Although we found that most dopamine neurons were inhibited by air puff (mildly aversive event), there was a considerable variability in the extent to which individual dopamine neurons were inhibited. Does this diversity support a functional diversity across dopamine neurons in the lateral VTA?

In a previous study, dopamine neurons in the lateral VTA exhibited neuron-to-neuron variability in the magnitude of response to a given size of reward (Eshel et al., 2016). Despite this variability in responsivity, the response functions of individual dopamine neurons were scaled versions of each other, indicating a remarkable homogeneity. One consequence of this scaled relationship is that neurons that responded strongly to a given size of reward were more greatly suppressed by reward expectation. In other words, reward expectation suppressed a neuron’s reward response in proportion to the size of its response to unexpected reward.

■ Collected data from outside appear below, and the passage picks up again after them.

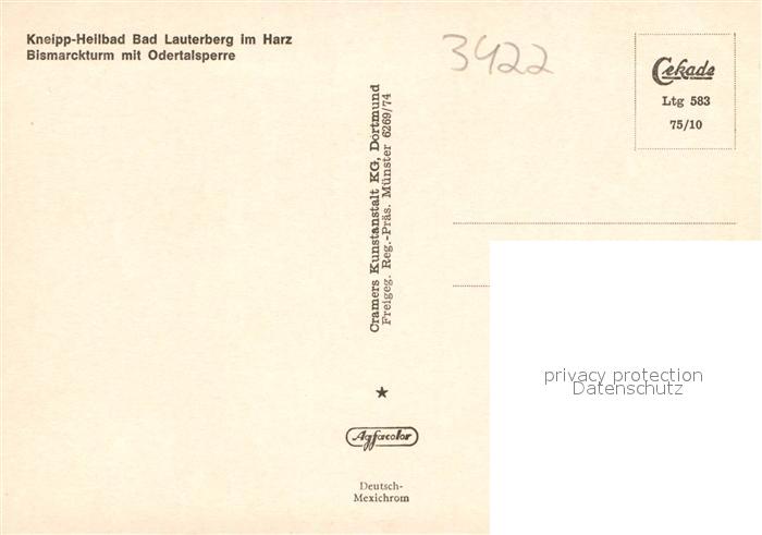 72959838 Bad Lauterberg Bismarckturm mit Odertalsperre Fliegeraufnahme postalisch nicht gelaufen Erhaltung siehe scans [WerneD78] KatCode: 11110003156002
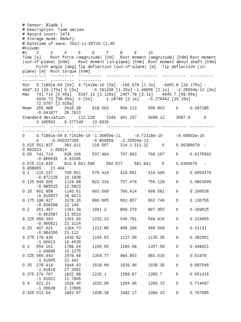 Time [s] Root force (magnitude) [kN] Root moment (magnitude) [kNm] Root moment
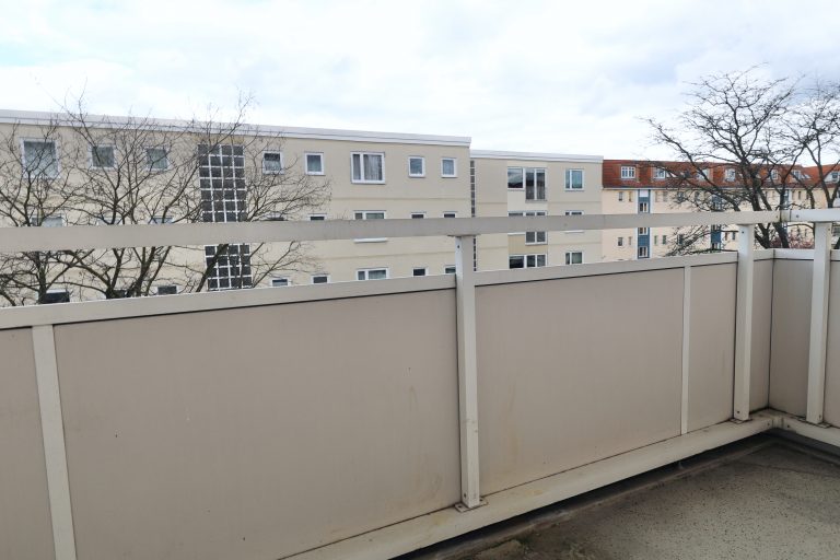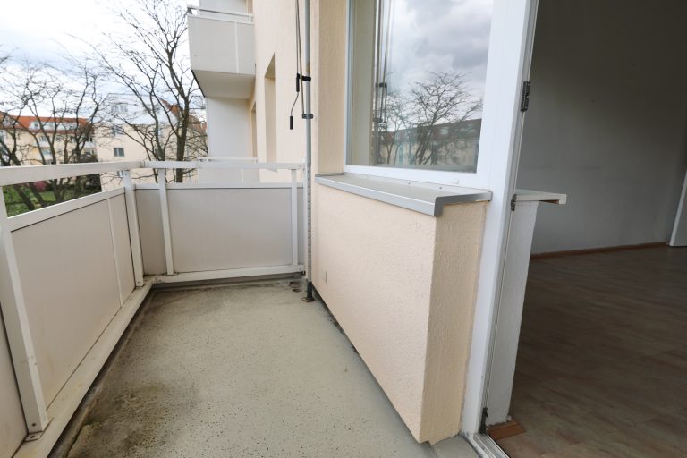 Der ruhig ausgerichtete und überdachte Balkon ist vom Wohnzimmer aus zugänglich und lädt zu entspannten Stunden ein.
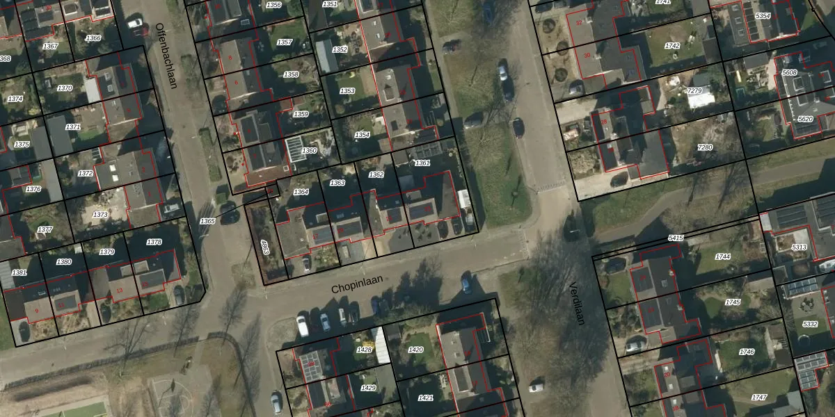 Het perceel waarop Chopinlaan 23 staat heeft een oppervlakte van 375 m². Dit is een groot perceel. De perceeloppervlakte wordt geregistreerd door het Kadaster. Gedetailleerde informatie over de maten van dit perceel kunt u vinden in het rapport Kadastrale kaart met maatvoering van Chopinlaan 23.

Does the same relationship hold for inhibitory responses to air puff? To address this question, we examined the correlation between aversion-related responses in dopamine neurons (Figure 4, Figure 4—figure supplement 1). We indeed found a similar relationship: dopamine neurons that were strongly inhibited by air puff also exhibited a larger prediction-dependent reduction of their responses to air puff (Figure 4A, Pearson’s r = 0.69, p=1.9 × 10⁻⁶). In other words, the ratio between individual dopamine neurons’ responses to unpredicted versus predicted air puff was preserved across neurons. In addition, similar to reward responses (Eshel et al., 2016), inhibitory responses to the air puff-predicting CS were correlated with prediction-dependent reduction of responses to air puff US (Figure 4B, Pearson’s r = 0.39, p=0.016). These results indicate that the response function was preserved across dopamine neurons in the case of aversive stimuli.

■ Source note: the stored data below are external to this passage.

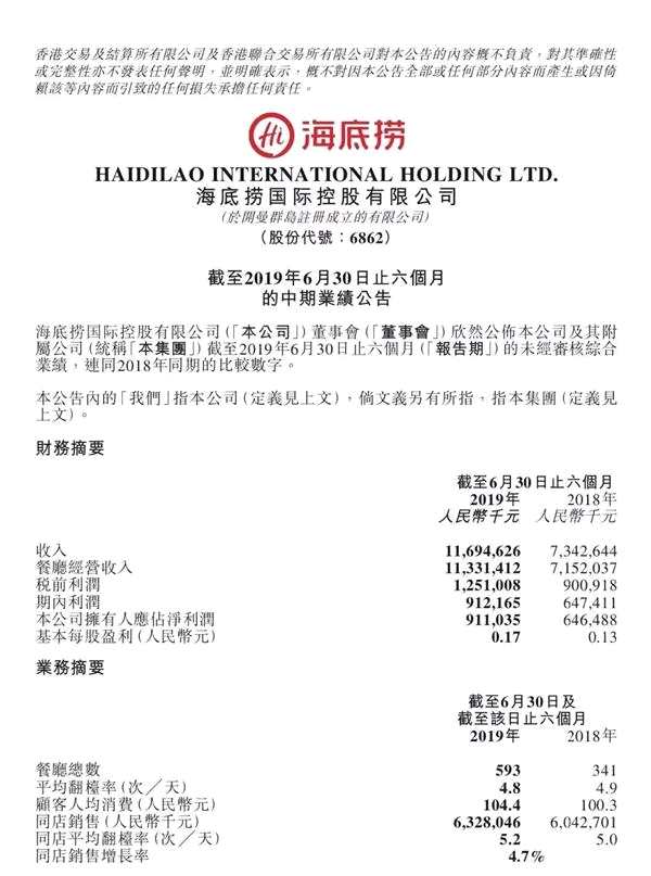 8月20日晚間,海底撈發(fā)布半年報,2019年上半年集團收入116.94億元,同比增長59.3%;營業(yè)利潤9.12億元,同比增長40.89%;公司股東應(yīng)占利潤9.11億元,同比增長40.92%,新開餐廳130家,門店總數(shù)增至593家。
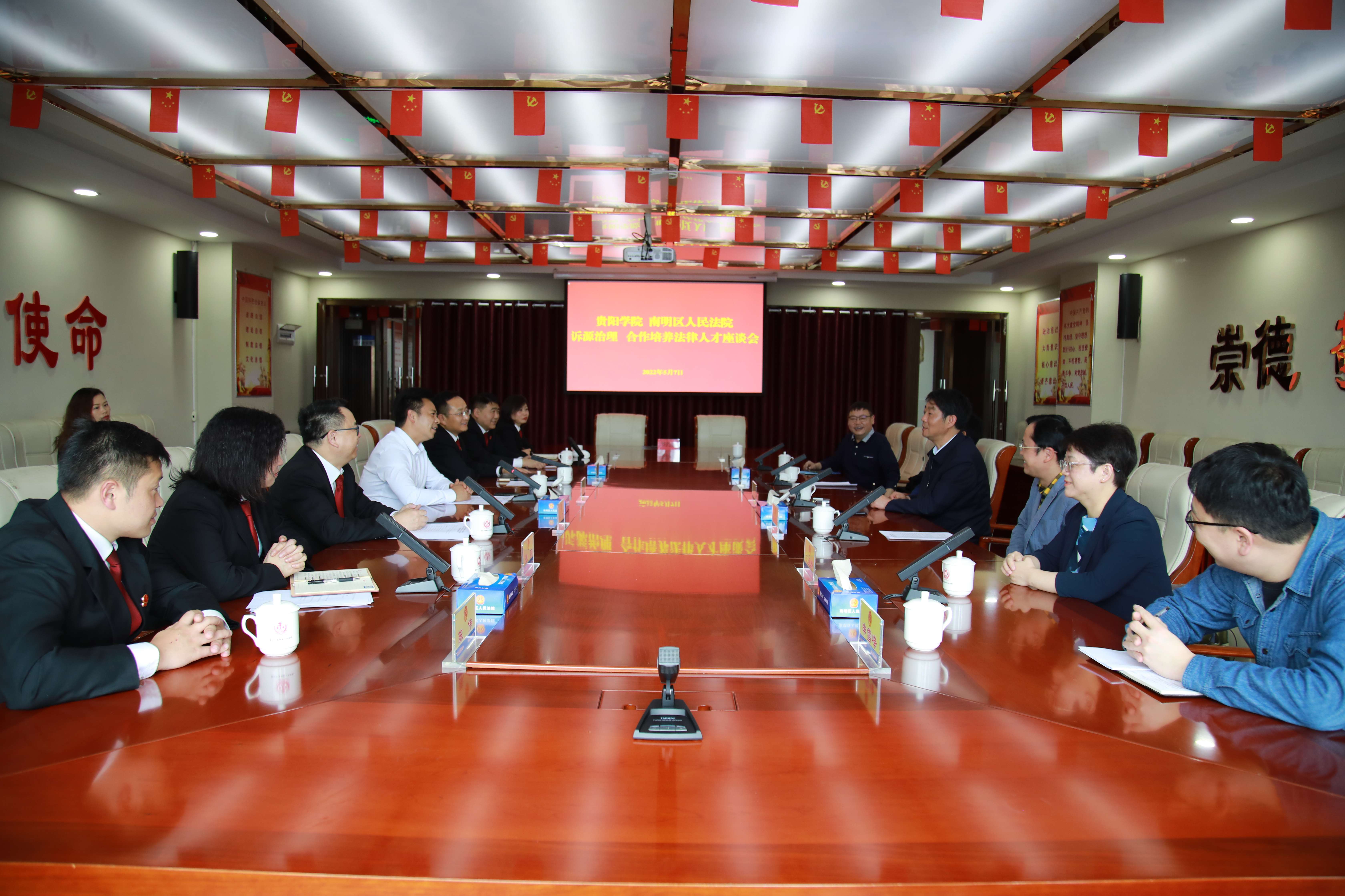 2022年5月7日下午,公司党委书记吕保平走访南明区人民法院,调研公司法学专业就业情况,并与南明区人民法公司党组书记、经理舒子贵,党组成员、副经理严波及相关同志开展座谈会。
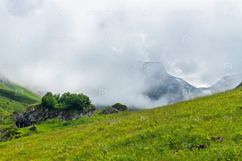 Долина в горах Кавказа в летний день
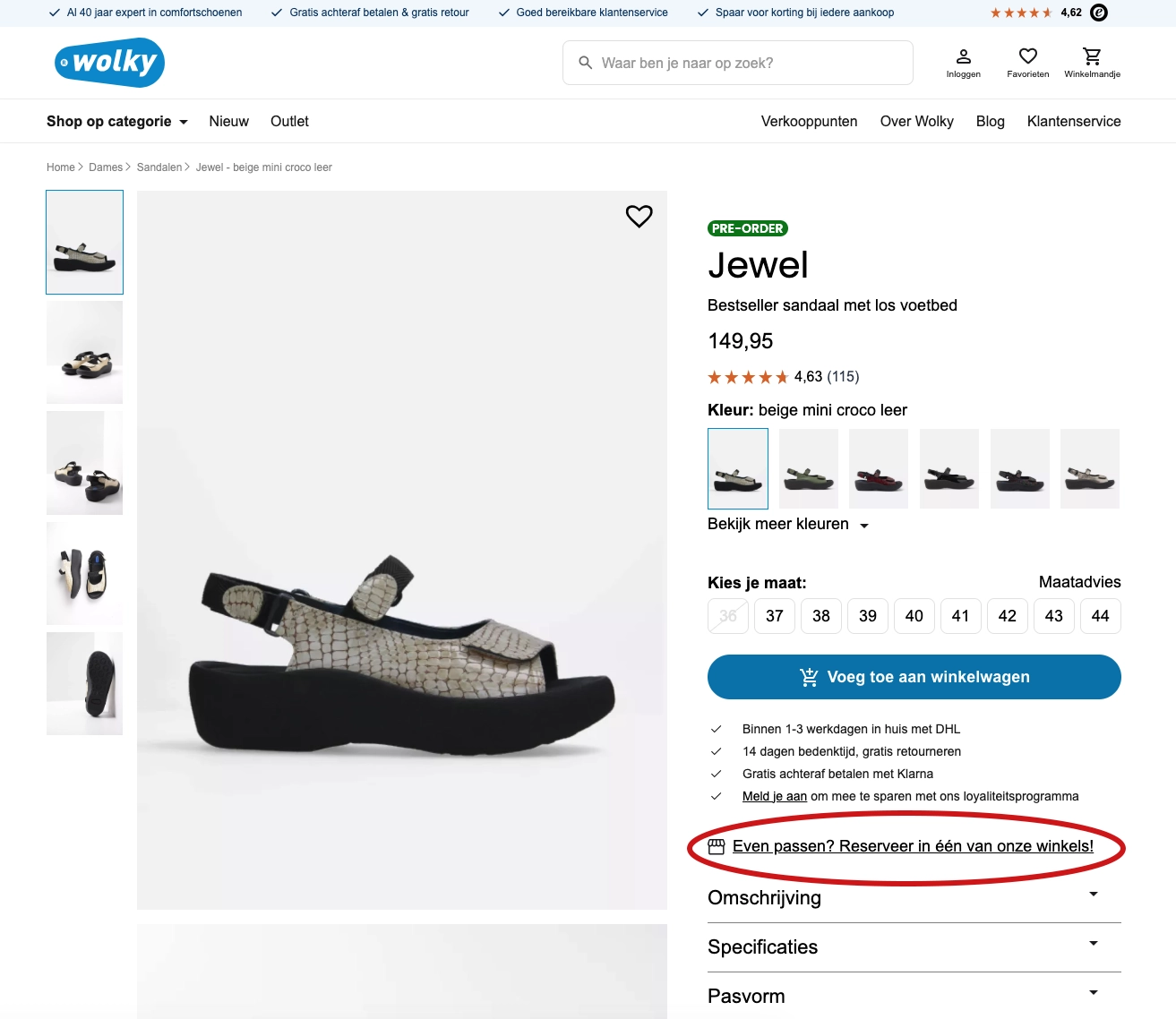 Passen in de winkel? Reserveer je schoenen via de website en ze staan in jouw maat en kleur voor je klaar in de Wolkyshop. Wel zo handig als je graag advies wilt of liever eerst past. Bekijk het stappenplan hieronder!

We next examined the relationship between responses of dopamine neurons to reward and to aversion. We compared responses of dopamine neurons to unpredicted water and unpredicted air puff (Figure 4C). We observed no obvious unique clusters across neurons, supporting the notion that there was no clear subpopulation of dopamine neurons specialized in signaling reward versus aversion in the lateral VTA. Rather, we found that most of dopamine neurons were inhibited by unpredicted aversive stimuli and excited by unpredicted rewarding stimuli. Interestingly, we did not find any negative or positive correlation of neurons’ responses to water and air puff; the proportion of the response magnitudes in response to reward versus aversion was diverse across neurons. These results indicate that although the response function either for reward prediction error or for aversion prediction error was homogeneous across dopamine neurons, these two functions were relatively independent, suggesting that different mechanisms may produce dopamine responses to reward and aversion.

Although the above results suggested that most of the dopamine neurons that we recorded from the lateral VTA were inhibited by aversive events, contrasting results were obtained in some previous studies. In monkeys, it was found that, on average, the responses to aversive stimuli were indistinguishable from responses evoked by neutral stimuli (Fiorillo, 2013). In addition, previous studies in mice (Cohen et al., 2012; Tian and Uchida, 2015) mirrored these contrasting results in VTA dopamine neurons. These results suggest that the difference between studies is not due to a species difference, raising the possibility that our task parameters altered the dopamine response.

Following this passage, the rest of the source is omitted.